Stored entries
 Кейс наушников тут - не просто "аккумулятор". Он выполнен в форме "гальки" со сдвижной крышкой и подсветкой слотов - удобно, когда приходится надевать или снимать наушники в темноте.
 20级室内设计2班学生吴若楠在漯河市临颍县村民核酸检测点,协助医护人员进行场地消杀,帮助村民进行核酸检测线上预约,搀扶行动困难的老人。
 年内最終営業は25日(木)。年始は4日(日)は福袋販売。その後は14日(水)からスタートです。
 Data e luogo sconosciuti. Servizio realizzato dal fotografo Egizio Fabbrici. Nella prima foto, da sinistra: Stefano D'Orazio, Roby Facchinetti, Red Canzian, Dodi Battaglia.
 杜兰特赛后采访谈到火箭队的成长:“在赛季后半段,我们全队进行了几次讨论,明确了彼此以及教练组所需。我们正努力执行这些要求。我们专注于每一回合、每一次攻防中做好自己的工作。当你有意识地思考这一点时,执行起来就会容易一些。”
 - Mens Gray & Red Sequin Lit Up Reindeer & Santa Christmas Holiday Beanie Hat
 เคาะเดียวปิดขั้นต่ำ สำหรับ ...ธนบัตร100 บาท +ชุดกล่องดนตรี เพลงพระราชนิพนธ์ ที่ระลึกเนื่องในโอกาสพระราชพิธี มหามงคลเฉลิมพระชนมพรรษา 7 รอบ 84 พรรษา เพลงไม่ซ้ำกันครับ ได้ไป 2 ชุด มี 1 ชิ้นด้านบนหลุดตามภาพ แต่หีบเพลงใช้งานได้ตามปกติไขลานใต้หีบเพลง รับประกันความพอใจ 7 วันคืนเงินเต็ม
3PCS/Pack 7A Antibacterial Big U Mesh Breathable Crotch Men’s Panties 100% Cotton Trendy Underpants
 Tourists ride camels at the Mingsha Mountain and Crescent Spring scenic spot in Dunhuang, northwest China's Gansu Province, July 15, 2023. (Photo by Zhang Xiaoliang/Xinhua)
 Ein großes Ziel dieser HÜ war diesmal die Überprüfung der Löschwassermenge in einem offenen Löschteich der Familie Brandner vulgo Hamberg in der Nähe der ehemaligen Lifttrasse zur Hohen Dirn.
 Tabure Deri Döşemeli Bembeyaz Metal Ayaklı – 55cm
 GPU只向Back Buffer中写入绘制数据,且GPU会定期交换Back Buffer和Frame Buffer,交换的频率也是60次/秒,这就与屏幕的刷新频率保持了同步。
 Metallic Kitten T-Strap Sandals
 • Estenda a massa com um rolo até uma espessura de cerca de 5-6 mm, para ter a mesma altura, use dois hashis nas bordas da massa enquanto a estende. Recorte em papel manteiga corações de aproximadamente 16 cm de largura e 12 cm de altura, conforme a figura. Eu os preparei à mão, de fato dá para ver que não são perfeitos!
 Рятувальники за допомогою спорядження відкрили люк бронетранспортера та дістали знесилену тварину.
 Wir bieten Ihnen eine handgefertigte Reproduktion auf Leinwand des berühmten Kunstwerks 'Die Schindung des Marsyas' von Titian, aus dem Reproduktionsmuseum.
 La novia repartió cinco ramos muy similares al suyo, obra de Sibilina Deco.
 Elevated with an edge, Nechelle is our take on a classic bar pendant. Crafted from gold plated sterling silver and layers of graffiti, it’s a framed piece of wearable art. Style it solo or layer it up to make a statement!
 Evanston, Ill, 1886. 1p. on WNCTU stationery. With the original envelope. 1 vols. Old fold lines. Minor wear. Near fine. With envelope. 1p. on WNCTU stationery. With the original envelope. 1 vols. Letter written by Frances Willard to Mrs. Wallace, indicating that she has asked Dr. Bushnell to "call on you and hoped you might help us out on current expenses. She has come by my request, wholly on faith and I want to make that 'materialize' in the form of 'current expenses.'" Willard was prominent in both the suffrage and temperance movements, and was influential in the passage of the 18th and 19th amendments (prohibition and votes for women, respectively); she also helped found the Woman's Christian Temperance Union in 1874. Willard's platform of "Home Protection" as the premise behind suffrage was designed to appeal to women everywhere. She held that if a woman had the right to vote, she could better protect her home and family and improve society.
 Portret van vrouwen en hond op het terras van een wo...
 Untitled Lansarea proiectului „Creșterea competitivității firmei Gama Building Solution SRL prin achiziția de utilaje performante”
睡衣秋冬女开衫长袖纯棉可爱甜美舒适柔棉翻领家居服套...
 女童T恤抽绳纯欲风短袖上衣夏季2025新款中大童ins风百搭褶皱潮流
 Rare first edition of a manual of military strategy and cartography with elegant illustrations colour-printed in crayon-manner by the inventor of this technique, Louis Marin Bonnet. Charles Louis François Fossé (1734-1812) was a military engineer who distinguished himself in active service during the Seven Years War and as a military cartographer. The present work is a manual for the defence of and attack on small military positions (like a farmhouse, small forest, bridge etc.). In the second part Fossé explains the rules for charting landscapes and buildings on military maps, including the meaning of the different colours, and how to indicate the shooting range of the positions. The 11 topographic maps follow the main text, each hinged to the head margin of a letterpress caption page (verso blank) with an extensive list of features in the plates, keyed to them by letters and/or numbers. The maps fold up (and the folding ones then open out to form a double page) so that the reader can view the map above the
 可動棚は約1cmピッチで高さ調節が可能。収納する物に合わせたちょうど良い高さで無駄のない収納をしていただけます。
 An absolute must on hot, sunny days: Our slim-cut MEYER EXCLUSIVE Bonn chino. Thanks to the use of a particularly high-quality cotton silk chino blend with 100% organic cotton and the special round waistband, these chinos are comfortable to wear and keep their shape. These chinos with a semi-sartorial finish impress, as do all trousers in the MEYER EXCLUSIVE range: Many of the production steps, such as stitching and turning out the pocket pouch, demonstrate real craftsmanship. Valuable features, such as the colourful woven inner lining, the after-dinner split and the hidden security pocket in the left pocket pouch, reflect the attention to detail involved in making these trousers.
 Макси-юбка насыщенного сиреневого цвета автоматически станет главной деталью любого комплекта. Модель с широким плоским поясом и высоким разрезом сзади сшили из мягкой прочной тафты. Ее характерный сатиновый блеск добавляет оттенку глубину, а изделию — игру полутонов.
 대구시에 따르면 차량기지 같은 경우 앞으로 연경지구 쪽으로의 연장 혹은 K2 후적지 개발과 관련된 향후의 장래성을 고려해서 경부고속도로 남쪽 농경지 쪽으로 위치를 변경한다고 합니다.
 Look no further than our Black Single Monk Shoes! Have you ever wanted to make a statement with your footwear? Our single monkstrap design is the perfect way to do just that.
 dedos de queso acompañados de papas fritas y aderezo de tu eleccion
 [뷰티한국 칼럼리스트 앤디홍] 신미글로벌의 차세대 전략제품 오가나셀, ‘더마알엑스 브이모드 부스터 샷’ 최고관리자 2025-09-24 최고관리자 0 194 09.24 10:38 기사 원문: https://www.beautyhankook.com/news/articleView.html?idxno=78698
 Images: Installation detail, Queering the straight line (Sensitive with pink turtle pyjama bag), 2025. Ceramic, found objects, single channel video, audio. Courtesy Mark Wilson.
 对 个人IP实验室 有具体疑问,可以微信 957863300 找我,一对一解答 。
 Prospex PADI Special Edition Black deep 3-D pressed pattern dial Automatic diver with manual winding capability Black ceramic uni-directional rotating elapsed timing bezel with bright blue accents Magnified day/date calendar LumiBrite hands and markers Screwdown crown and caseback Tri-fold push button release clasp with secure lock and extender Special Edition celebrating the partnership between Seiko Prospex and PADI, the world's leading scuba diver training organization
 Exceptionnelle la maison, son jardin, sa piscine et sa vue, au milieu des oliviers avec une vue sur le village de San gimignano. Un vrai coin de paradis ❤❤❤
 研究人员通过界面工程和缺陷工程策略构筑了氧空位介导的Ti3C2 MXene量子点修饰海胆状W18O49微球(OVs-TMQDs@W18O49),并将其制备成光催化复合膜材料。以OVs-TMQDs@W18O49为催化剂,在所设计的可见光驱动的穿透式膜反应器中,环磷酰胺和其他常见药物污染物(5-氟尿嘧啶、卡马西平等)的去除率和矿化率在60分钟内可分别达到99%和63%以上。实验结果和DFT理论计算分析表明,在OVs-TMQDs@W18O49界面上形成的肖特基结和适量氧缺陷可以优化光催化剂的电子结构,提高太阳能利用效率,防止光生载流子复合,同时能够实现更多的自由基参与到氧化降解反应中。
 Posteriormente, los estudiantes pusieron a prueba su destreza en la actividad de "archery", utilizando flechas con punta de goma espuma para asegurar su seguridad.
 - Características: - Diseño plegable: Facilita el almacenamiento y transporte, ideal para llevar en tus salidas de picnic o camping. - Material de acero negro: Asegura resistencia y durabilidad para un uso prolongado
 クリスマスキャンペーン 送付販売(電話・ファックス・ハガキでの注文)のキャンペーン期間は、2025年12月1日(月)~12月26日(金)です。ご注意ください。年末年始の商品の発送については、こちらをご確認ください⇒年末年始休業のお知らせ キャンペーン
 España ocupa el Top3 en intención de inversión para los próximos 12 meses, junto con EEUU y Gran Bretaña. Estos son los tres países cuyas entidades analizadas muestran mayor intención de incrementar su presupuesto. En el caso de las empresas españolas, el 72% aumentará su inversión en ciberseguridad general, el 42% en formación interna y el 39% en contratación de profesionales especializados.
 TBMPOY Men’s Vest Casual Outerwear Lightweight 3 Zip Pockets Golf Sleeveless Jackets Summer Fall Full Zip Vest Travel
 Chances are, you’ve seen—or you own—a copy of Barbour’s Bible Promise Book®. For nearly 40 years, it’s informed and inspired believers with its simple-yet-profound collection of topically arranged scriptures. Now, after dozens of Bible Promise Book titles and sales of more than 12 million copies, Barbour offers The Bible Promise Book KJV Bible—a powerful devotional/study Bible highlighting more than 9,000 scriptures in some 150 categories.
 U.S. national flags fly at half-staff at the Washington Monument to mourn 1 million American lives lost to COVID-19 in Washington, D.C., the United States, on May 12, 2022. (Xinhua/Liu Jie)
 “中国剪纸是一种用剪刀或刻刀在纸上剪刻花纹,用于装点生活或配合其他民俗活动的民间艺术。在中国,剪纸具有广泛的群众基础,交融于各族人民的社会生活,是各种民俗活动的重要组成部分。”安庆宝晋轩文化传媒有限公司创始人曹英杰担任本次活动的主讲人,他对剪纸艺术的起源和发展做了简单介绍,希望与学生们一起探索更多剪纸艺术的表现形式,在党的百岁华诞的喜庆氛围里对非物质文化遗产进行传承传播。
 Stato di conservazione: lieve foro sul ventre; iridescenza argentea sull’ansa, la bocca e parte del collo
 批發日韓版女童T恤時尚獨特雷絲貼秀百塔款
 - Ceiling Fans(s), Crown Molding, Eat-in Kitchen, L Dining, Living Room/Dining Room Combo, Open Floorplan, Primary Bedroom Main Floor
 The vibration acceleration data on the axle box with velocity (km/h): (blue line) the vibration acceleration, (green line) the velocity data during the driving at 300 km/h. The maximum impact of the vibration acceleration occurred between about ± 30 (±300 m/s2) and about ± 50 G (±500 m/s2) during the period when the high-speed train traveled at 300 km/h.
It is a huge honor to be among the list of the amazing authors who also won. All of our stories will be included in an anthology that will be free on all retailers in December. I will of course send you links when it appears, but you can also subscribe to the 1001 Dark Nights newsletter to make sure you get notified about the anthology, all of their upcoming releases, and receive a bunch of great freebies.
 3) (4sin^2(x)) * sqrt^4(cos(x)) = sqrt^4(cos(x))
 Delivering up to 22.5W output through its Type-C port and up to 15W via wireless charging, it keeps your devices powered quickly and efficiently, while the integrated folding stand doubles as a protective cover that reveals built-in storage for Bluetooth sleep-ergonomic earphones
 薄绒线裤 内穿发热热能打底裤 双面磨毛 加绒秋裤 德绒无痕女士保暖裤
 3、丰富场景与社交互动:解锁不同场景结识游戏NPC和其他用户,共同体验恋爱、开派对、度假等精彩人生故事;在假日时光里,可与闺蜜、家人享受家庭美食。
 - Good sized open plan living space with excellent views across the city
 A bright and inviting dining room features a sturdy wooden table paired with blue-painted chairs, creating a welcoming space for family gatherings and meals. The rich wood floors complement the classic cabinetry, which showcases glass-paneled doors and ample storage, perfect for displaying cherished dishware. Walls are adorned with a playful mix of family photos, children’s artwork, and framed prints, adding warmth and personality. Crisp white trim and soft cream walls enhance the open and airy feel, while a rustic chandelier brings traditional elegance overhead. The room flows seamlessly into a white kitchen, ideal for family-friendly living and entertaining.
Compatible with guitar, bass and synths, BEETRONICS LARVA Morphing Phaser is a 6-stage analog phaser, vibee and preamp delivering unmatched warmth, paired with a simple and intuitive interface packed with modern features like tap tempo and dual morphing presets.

TRY IT:
All lines that contain the word "single" must be copied from the records above.

ANSWER TO THIS TASK:
 Look no further than our Black Single Monk Shoes! Have you ever wanted to make a statement with your footwear? Our single monkstrap design is the perfect way to do just that.
 Images: Installation detail, Queering the straight line (Sensitive with pink turtle pyjama bag), 2025. Ceramic, found objects, single channel video, audio. Courtesy Mark Wilson.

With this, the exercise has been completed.